# [SOLVED] fried clothes dryer?



## Raylo (Feb 12, 2006)

GE DDE5900RALAD electric clothes dryer

A friend called and said when she tried to run her dryer yesterday it made a nasty electrical smell and she shut it off right away. The circuit breaked didn't trip. She later ran it with the heat off and it seemed to be OK but she is afraid to try it with heat again.

I looked online at the parts available for this unit the only thing that strikes me as a possibility is fried heating elements. Anyone ever work on dryers and have any thoughts?

Dryers seem to be one of the more reliable devices in my life and I have never had to work on one. Guess that's about to change when I have a look at it later today.


----------



## Raylo (Feb 12, 2006)

*Re: fried clothes dryer?*

Well, it was my lucky day. In the words of a car repair tech I was "unable to duplicate the problem". It worked fine, quiet and no smell when we ran it. So I didn't have to spend the afternoon mucking with it.  But we'll keep an extra close eye on it for awhile.


----------



## Wrench97 (May 10, 2008)

Some have more then 1 heating element so if she now complains that it doesn't dry as fast as it use to, it may have burnt one of them out.
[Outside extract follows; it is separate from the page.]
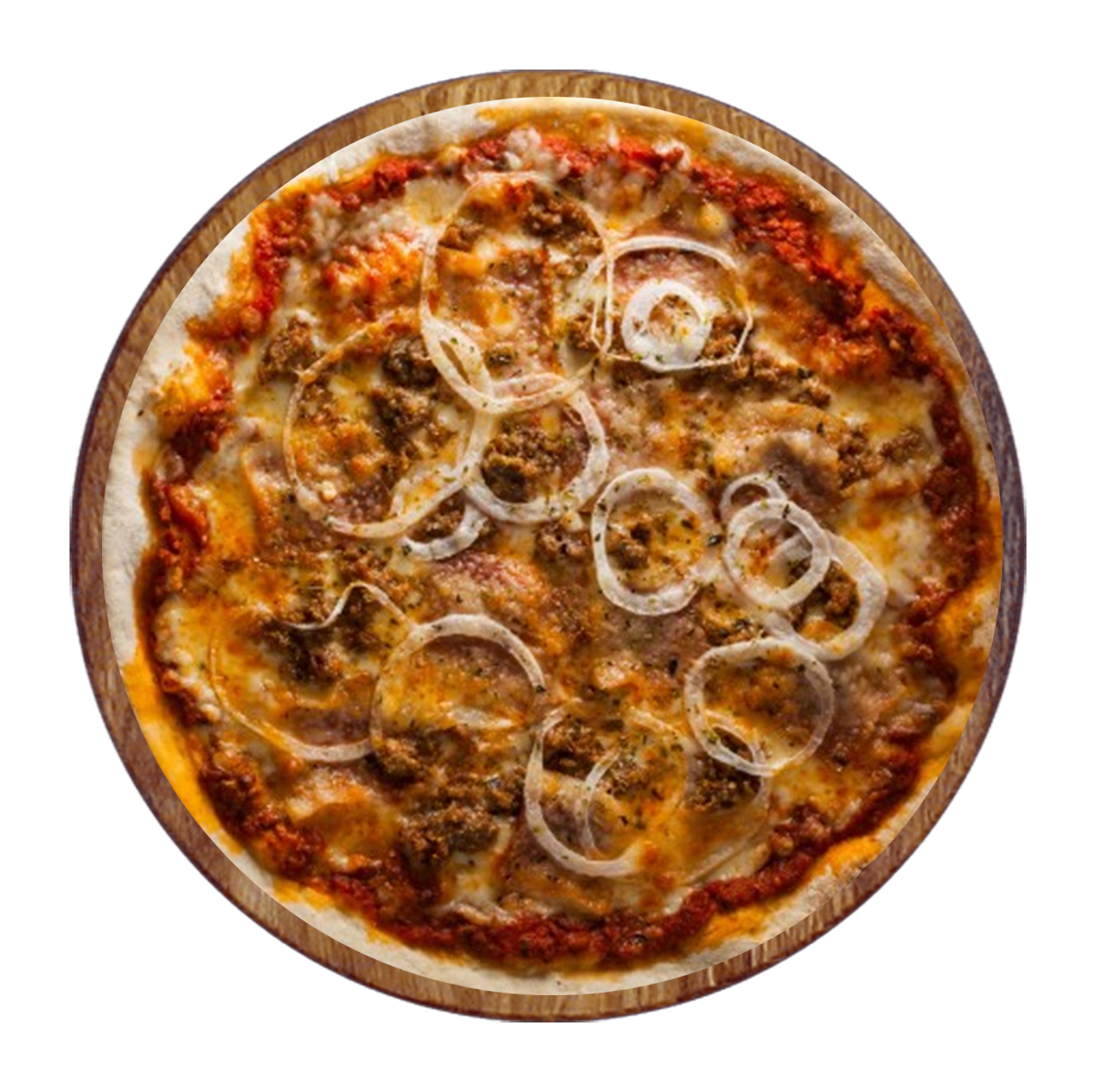 Sauce tomate, mozzarella, viande hachée, jambon, oignons.

Of course you could tell what I told my wife --
"You must be imaging that, feel how hot it is in there"


----------



## Raylo (Feb 12, 2006)

I like how you think! It seemed hot enough and she seemed happy so this little secret will stay between us. ;-)


----------



## stressfreesoul (Mar 17, 2008)

Sometimes fluff can escape the drum. This can also produce a burning smell.


----------



## dai (Jul 2, 2004)

it it is overloaded it can cause the belt to slip and produce the odour


----------



## Elmer Fudd 58 (Jan 16, 2008)

stressfreesoul said:


> Sometimes fluff can escape the drum. This can also produce a burning smell.


Is that the pale blue belly button fluff ??


----------



## kcaternolo (Jun 19, 2008)

your friends dryer could probably also just need a good cleaning that lint trap only catches a small portion of lint for $55-$80 you could get someone to professionally clean it


----------